Insurance policies are contracts.
Though that sounds obvious, it’s worth remembering because the terms of that contract with your insurance company govern whether you get coverage for your loss. And sometimes those terms don’t mean what you (or the insurance company) might think they mean.
Take for example a decision from a few years back. In Owatonna Clinic v. The Medical Protective Company of Fort Wayne, Indiana, Medical Protective denied coverage because its policy required notice of a claim with specific pieces of information, and the company believed the clinic provided insufficient notice of claims made asserted against one of its doctors. The Eighth Circuit Court of Appeals, affirming a decision by the United States District Court for the District of Minnesota, agreed that the clinic’s notice didn’t contain every piece of information called for in the insurance policy. Nevertheless, the notice was deemed sufficient because it provided the insurance company with “knowledge of all relevant particulars” and the court concluded that “the law of Minnesota places a burden of inquiry on the insurer when it has notice of facts that would raise a likelihood of a claim.”

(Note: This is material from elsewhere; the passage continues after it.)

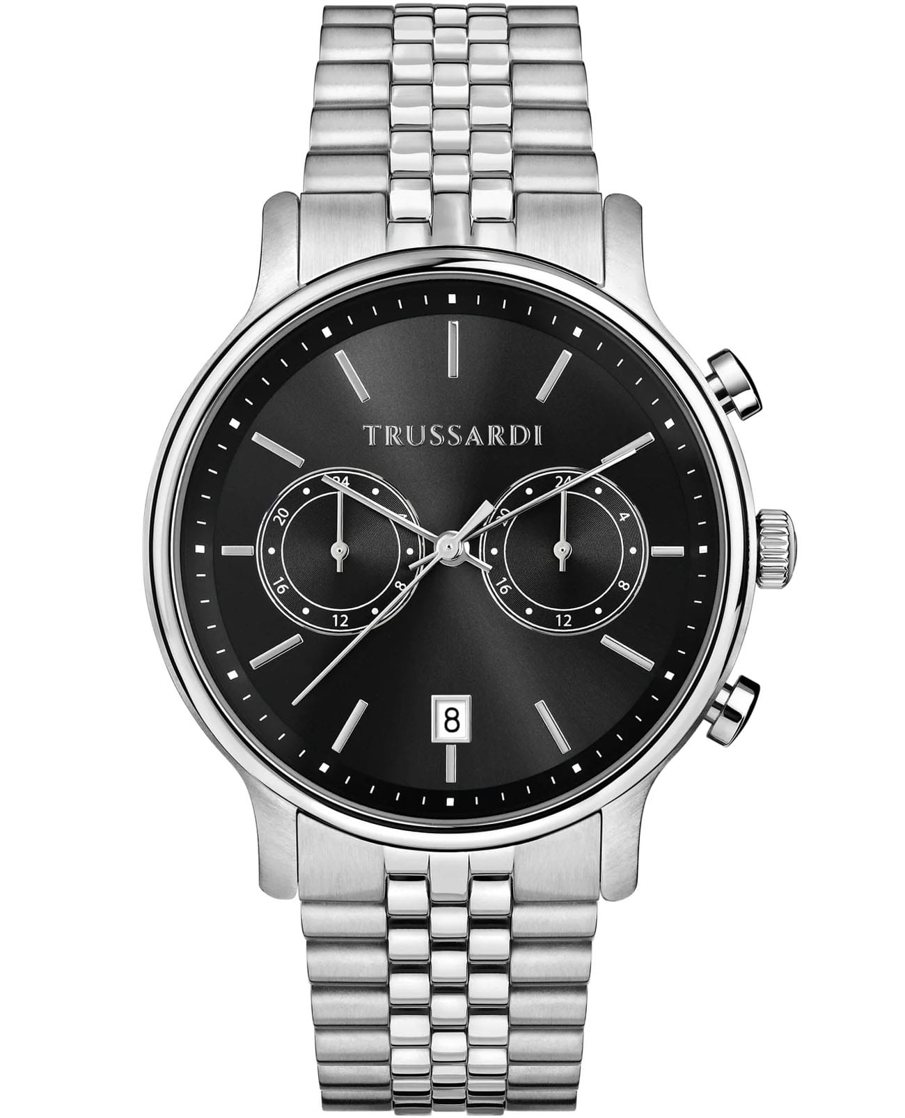Итальянские мужские часы Trussardi T-Inedito R2453174002 - это стильный мужской аксессуар, который сочетает элегантный дизайн и практичность. Корпус выполнен из нержавеющей стали , что обеспечивает долговечность и утончённый внешний вид. Надежное минеральное стеклоМинеральное стеклоМинеральное стекло представляет собой искусственно выращенный минерал кварца. Такое стекло отличается особой устойчивостью к повреждениям и царапинам. Уступает по некоторым качествам сапфировому стеклу. защищает циферблат от царапин и обеспечивает долговечность. Модель оснащена кварцевым механизмом, обеспечивающим высокую точность хода. Стальной браслет на раскладной застёжкеРаскладная застёжкаТакой тип застёжки используется только на браслетах из металла. Она никогда не раскрывается полностью, происходит разделение на 2 и более частей. Раскладывающая застёжка снизит вероятность потери часов к минимуму., гарантирует комфортное и безопасное ношение. Водозащита 50 метров позволит защитить корпус от случайных брызг или капель дождя. Вынесенный циферблат с 24-х часовым указателем времени, второй часовой пояс в 24-х часовом формате. Окошко даты находится в положении 6 часов. Эта модель – отличный выбор для тех, кто ищет сочетание стиля, качества и функциональности. Часы станут не только полезным аксессуаром, но и выразительным элементом вашего имиджа.

The Eighth Circuit and District of Minnesota decisions in Owatonna Clinic are consistent with the general principle that Minnesota courts decline to deny insurance coverage for technical reasons – particularly when the issue is one of notice. However, though they favored the insured, the Owatonna Clinic decisions also bring focus to the importance for insureds of providing their insurance companies with notice that is as complete as possible as soon as possible. Had the clinic’s notice contained even a little less information, it is possible the decisions would have gone the other way. And because the policy was a claims-made policy, if the notice had been delayed until after the policy period expired the decisions very likely would have gone the other way.
Ultimately, then, this decision highlights how important it is a) for insurance companies to carefully consider before denying a claim for technical reasons, even if they think their policy language supports that decision; and b) for individuals and businesses to carefully read their insurance policies when pursuing claims. For everyone involved, it is often a good idea to seek guidance from attorneys experienced in insurance law.